Panels and Penalties. One of the issues in the case was whether the employer was obligated to provide additional medical benefits. The Court made the following observation:
Mere notice of an alleged workplace accident, in and of itself, does not trigger an employer’s duty to provide medical benefits in every case, without regard to the particular circumstances presented. If an employer chooses to deny the claim following its initial investigation, the employee must come forward with sufficient evidence from which the trial court can determine that the employee likely will prove a compensable “injury by accident” at a hearing on the merits in accordance with section 50-6-239(d)(1). Conversely, an employer who elects to deny a claim runs the risk that it will be held responsible for medical benefits obtained from a medical provider of the employee’s choice and/or that it may be subject to penalties for failure to provide a panel of physicians and/or benefits in a timely manner.

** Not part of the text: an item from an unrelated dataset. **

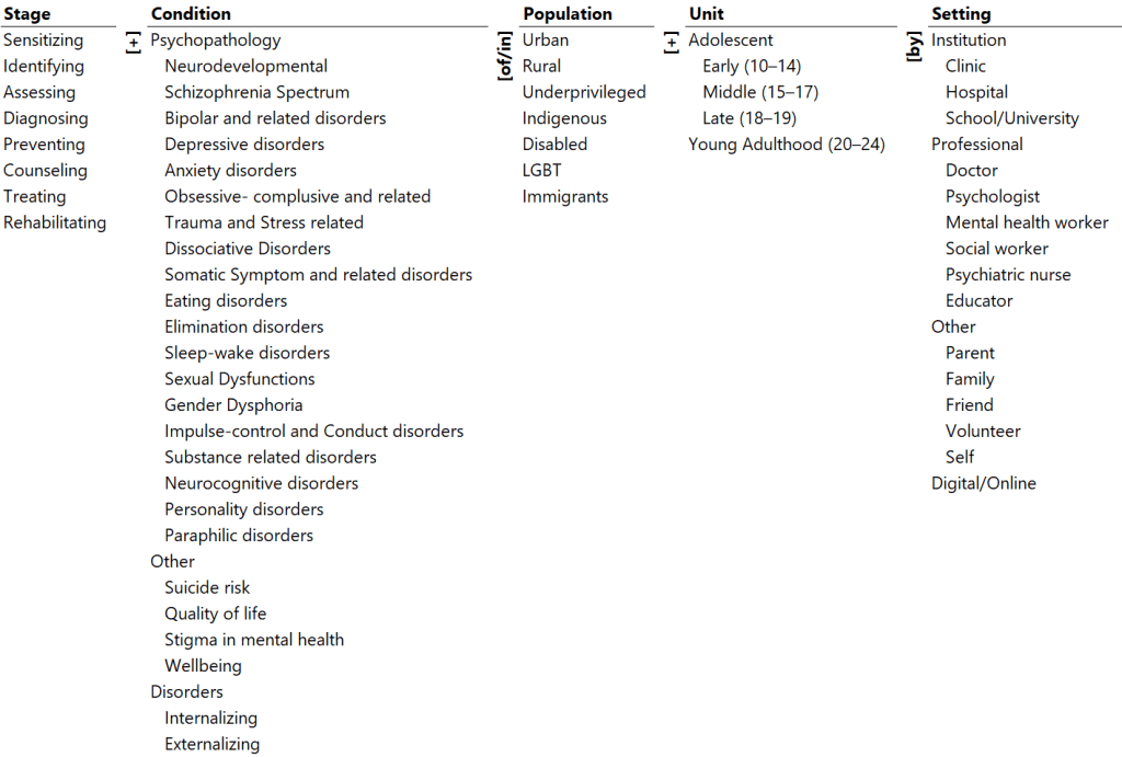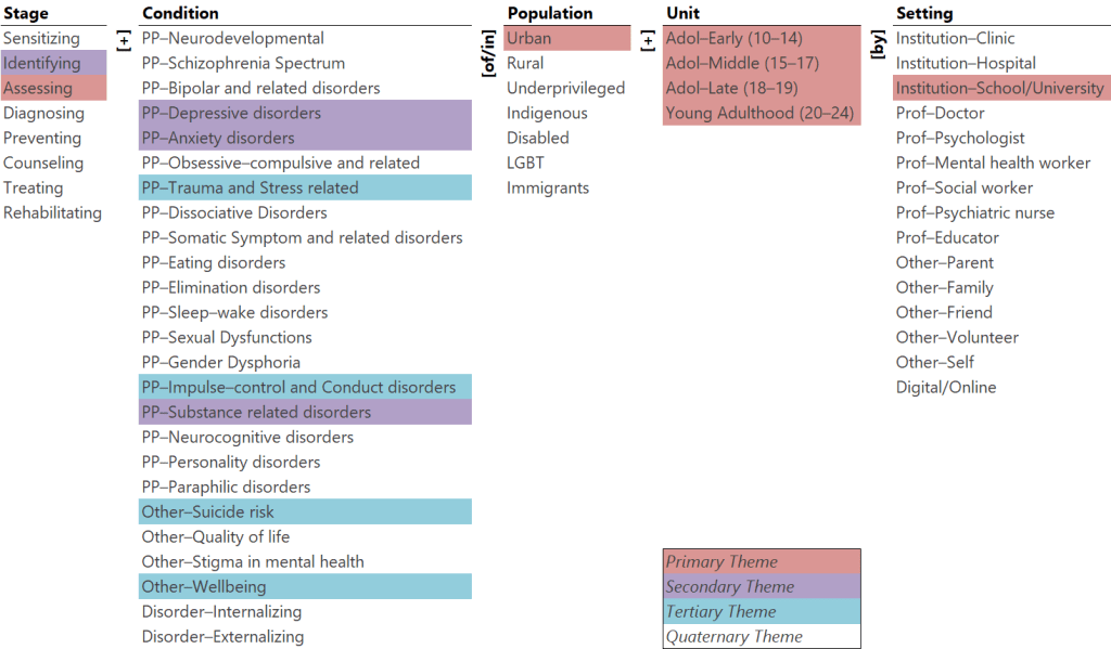 The state of mental health research in adolescents and youth, especially in contexts of limited resources, is mapped illustrated in the ontological framework.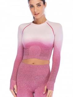 Captivating Light Purple Sports Top Thumbholes Rib Tie-Dyed Feminine Grace

Importantly, in a footnote to the Opinion, the Board directed the reader’s attention to newly effective Tenn. Comp. R. & Regs. 0800-02-01-.25 (2015) regarding penalties. Failure to provide a panel for a workplace injury that would qualify for medical benefits may result in a penalty not to exceed five thousand dollars ($5,000.00).
In sum, the Appeals Board delivered a three-point field goal in McCord. It’s a must-read.